Issue #113 - Optimising Transformer for Low-Resource Neural Machine Translation
The lack of parallel training data has always been a big challenge when building neural machine translation (NMT) systems. Most approaches address the low-resource issue in NMT by exploiting more parallel or comparable corpora. Recently, several studies show that instead of adding more data, optimising NMT systems could also be helpful to improve translation quality for low-resource language cases.
In this post, we will review a paper by Araabi and Monz (2020) that explores to what extent hyper-parameter optimisation can help to improve low-resource NMT. Sennrich and Zhang (2019) investigated the best practices for low-resource recurrent NMT models. This paper focuses on the Transformer models, the most commonly used approach by both academic and industry communities nowadays.
Hyper-Parameter ExplorationMany studies (Raffel et al., 2019; Wang et al., 2019) show that increasing the number of model parameters improves performance of Transformer models with enough training data, but are those findings also the best practices for low-resource scenarios?
- Byte-Pair-Encoding (BPE) segmentation
- Architecture tuning
Biljon et al. (2020) showed that using fewer Transformer layers improves the quality of low-resource cases. In this paper, they expand the experiments to explore the effects of using a narrow and shallow Transformer by reducing:
- the number of layers in both the encoder and decoder,
- the number of attention heads,
- feed-forward layer dimension, and
- embedding dimensions.
They investigate the impact of regularisation by applying dropouts to various Transformer components:
- employ attention dropout after the softmax for self-attention and also activation dropout inside the feed-forward sub-layers,
- drop entire layers using layer dropout (Fan et al., 2020),
- drop words in the embedding matrix using discrete word dropout (Gal and Ghahramani, 2016).
ExperimentsTransformer-base and Transformer-big are used as baselines, with the default parameters and optimiser settings described in Vaswani et al. (2017). To compare with Sennrich and Zhang (2019), the first engines are trained on the same TED data from the IWSLT 2014 German-English (De-En) shared translation task (Cettolo et al., 2014). The training and validation sets are 165,667 and 1,938 sentence pairs respectively. The test set is the concatenation of the IWLST 2014 dev sets (tst2010–2012, dev2010, dev2012), which consists of 6,750 sentence pairs. Besides, they also evaluate the obtained optimised settings on Belarusian (Be), Galician (Gl), and Slovak (Sk) TED talk test sets (Qi et al., 2018) and Slovenian (Sl) from IWSLT2014 (Cettolo et al., 2012) with training sets ranging from 4.5k to 55k sentence pairs. Grid search is applied to explore the hyper-parameters for computational effectiveness.

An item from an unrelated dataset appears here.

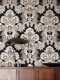 Fantastische Ornamente, von der Flora inspiriert und mit Grafik verfeinert, wirken wie Siegerschleifen, welche die Wand prachtvoll schmücken. Das keineswegs zurückhaltende Art Deco Muster in Silber und Grautönen vereint Kunstfertigkeit und Moderne, seine dominante Präsenz verlangt nach Aufmerksamkeit und Simple Chic bei den Möbeln.

Results and observationsTable 1 shows the optimal settings achieved on the development data with different dataset sizes and Table 2 shows the experiment results of Transformer-base/optimised on different language pair datasets .
Table 1: Default parameters for Transformer-base and the achieved optimal settings for different dataset sizes based on the De→En development data.
Table 2: Results for Transformer-base/optimised.
According to the experiment results, the observations are:
- Compared to the big improvement achieved with the RNN model by reducing BPE merge operations (Sennrich and Zhang, 2019), the results from this paper demonstrate that the same reduction in merge operations has far less impact on the Transformer model and reducing the embedding dimension size is not effective.
- Reducing Transformer depth and width, including number of attention heads, feed-forward dimension, and number of layers along with properly increasing the rate of different regularisation techniques is highly effective (+6 BLEU) for low-resource cases.
- Increasing dropout rate, adding layer dropout to decoder, and adding word dropout to the target side, can all be helpful to improve low-resource Transformer quality, but the effect becomes less obvious with the increase in data size.
- Higher degree of label smoothing and higher decoder layer dropout rates are beneficial for smaller data sizes and less effective for larger sizes.
- Transformer requires large batch sizes even with very small datasets.
- Compared to the default Transformer learning rate scheduler, no significant improvement is observed with different learning rates and warm-up steps.
- Applying attention dropout does not result in improvements under low-resource conditions.
- The results are promising on the reverse direction EN-DE with the same IWSLT 2014 data and same optimal settings.